Dalam pelaksanaannya, petugas dibagi menjadi dua tim. Tim pertama menyisir wilayah dari Kantor Dinas Perhubungan ke arah barat hingga selatan, meliputi area Taman Depo, Taman Kepala Kereta Api SLG, hingga Taman Hijau.
Sementara itu, tim kedua bergerak ke arah timur dan selatan menuju kawasan Pamenang serta area bundaran Simpang Lima Gumul, sebelum kembali ke titik awal.
Dari hasil penyisiran, petugas menemukan sejumlah titik parkir liar, terutama di sekitar kawasan Taman Hijau SLG. Parkir tersebut dikelola oleh oknum masyarakat tanpa izin resmi.
Menariknya, dalam praktik tersebut ditemukan penggunaan karcis parkir yang dicetak secara mandiri.
Tarif yang ditarik pun beragam, yakni Rp 2.000 hingga Rp 3.000 untuk sepeda motor, dan Rp 5.000 untuk mobil.

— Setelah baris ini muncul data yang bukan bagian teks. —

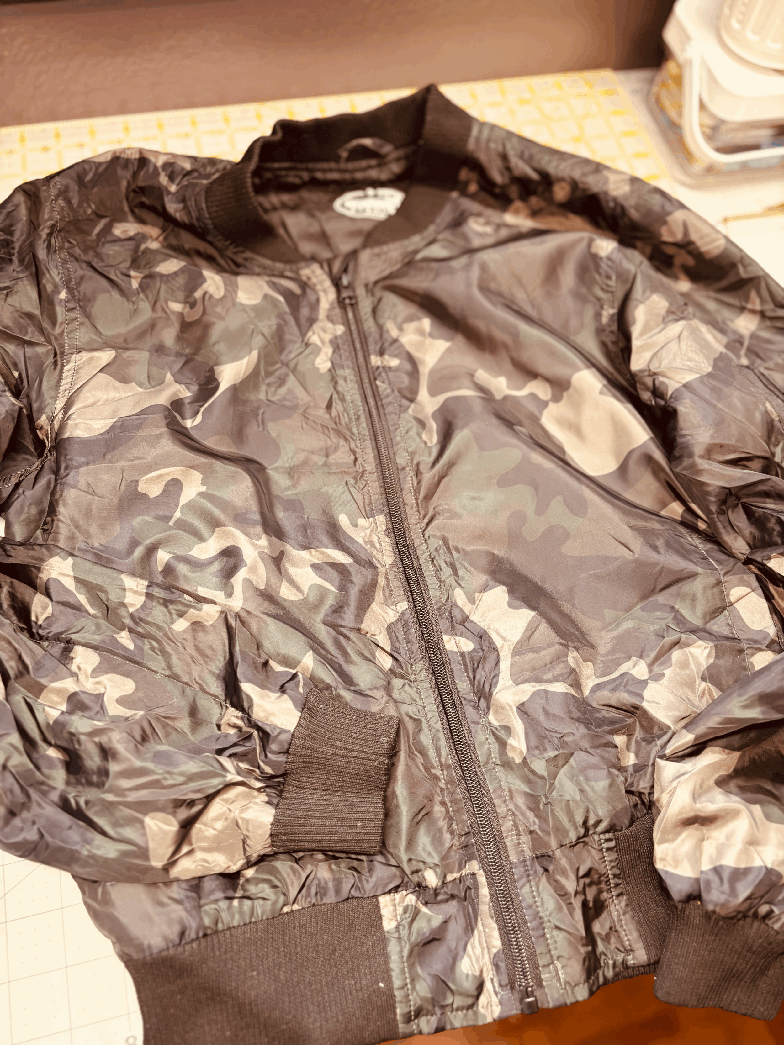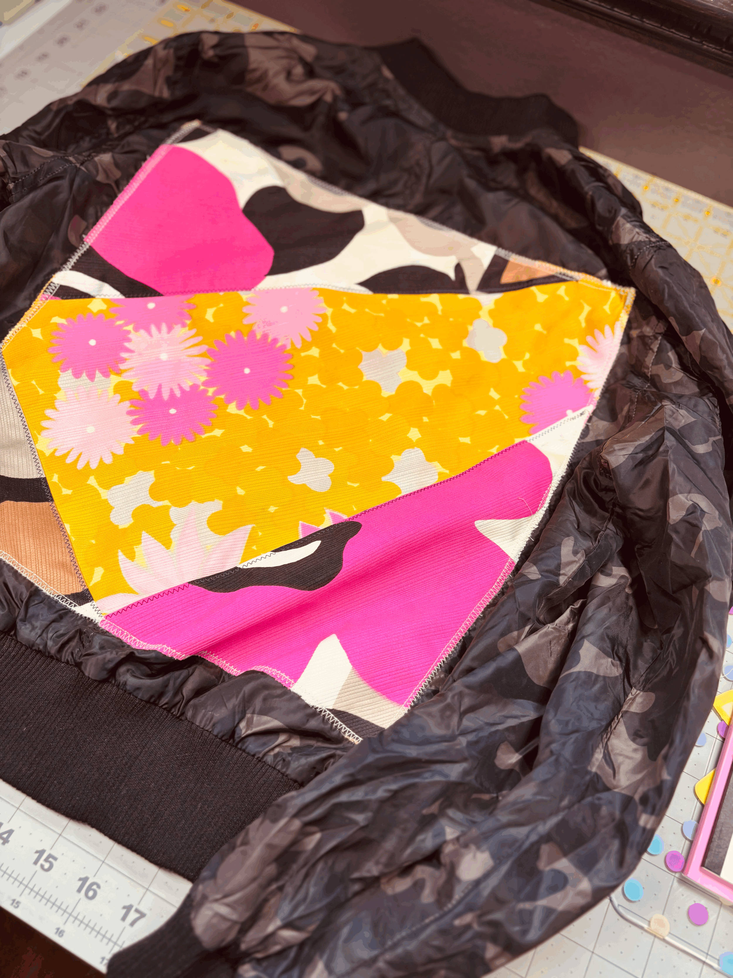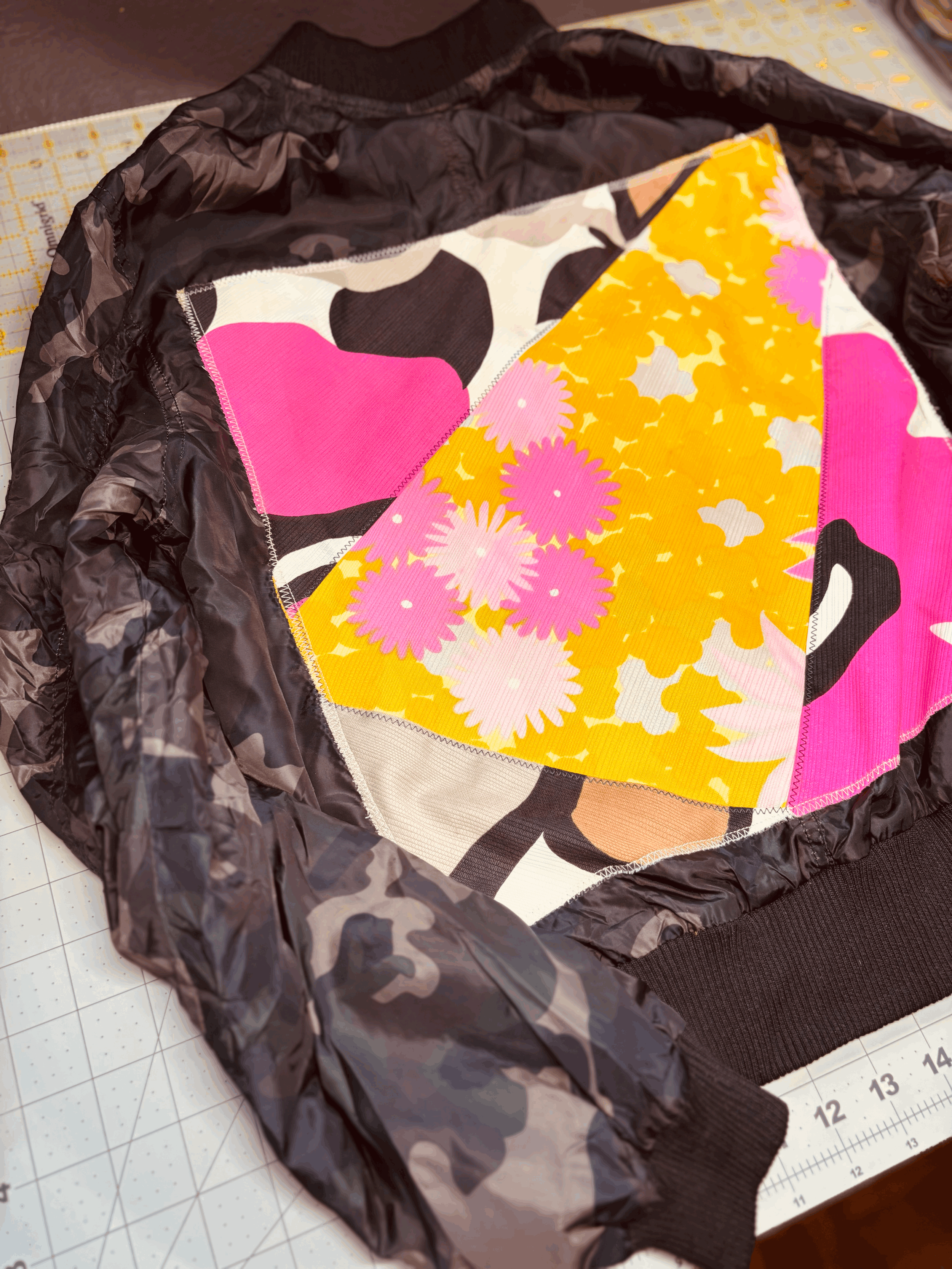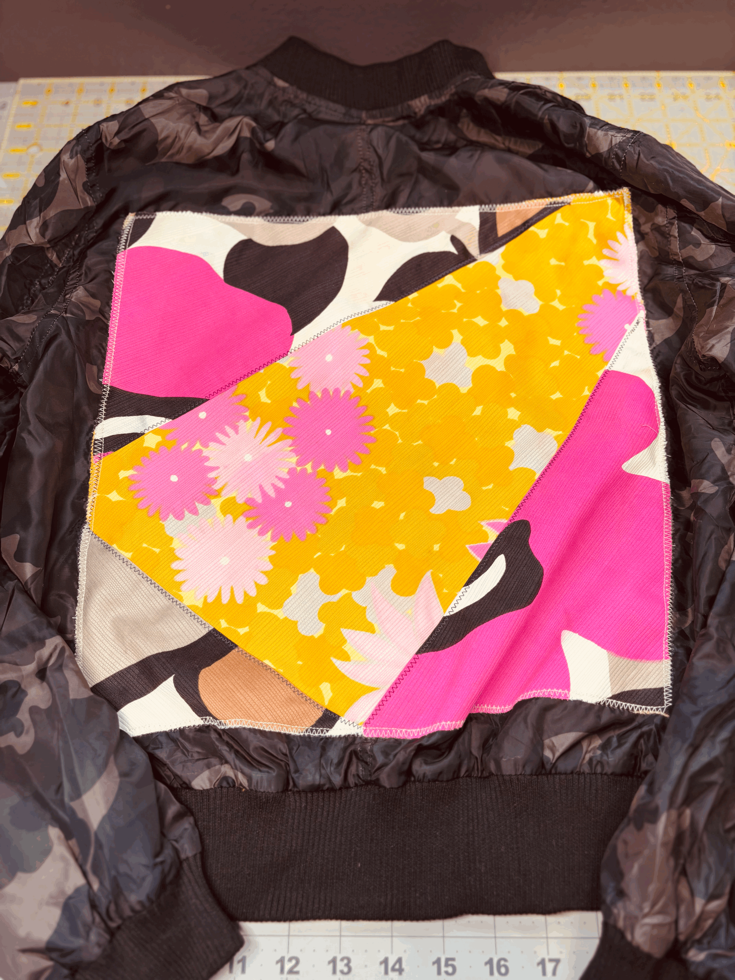 This jacket is thin like a windbreaker, it is easy to travel with, and is perfect for anyone who loves vintage with a touch of the Pacifika. I used vintage Hawaiian material with the couching method to add color to the back panel.
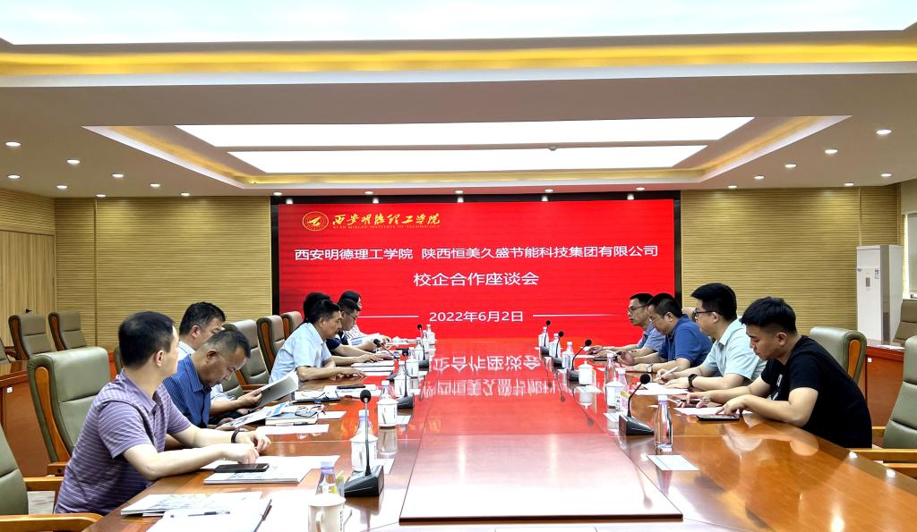座谈伊始,校长杨健君代表学校对来访企业人员表示欢迎,与会人员一同观看了2026年国际足联世界杯宣传视频。紧接着,副校长王斌宁从校园节水、节电和节能等3个方面介绍了2026年国际足联世界杯绿色校园建设概况;陕西恒美久盛节能科技集团有限公司董事长盛春雨从集团板块、业务板块及校企合作成功案例等3个方面介绍了企业概况及节水型校园建设方案。随后,校企双方围绕绿色校园建设、智慧校园建设、实习实训基地建立、产学研合作等事项进行深入交流探讨,气氛热烈融洽。

Petugas langsung memberikan teguran kepada para juru parkir liar tersebut. Mereka diminta untuk tidak lagi melakukan penarikan retribusi karena kawasan tersebut bukan area resmi untuk parkir.
Kasatpol PP Kabupaten Kediri, Kaleb Untung Satrio, menegaskan bahwa kawasan area taman di SLG memang tidak diperuntukkan sebagai lokasi parkir.
Namun demikian, pihaknya masih menemukan adanya praktik penitipan kendaraan oleh masyarakat yang berujung pada pungutan tidak resmi.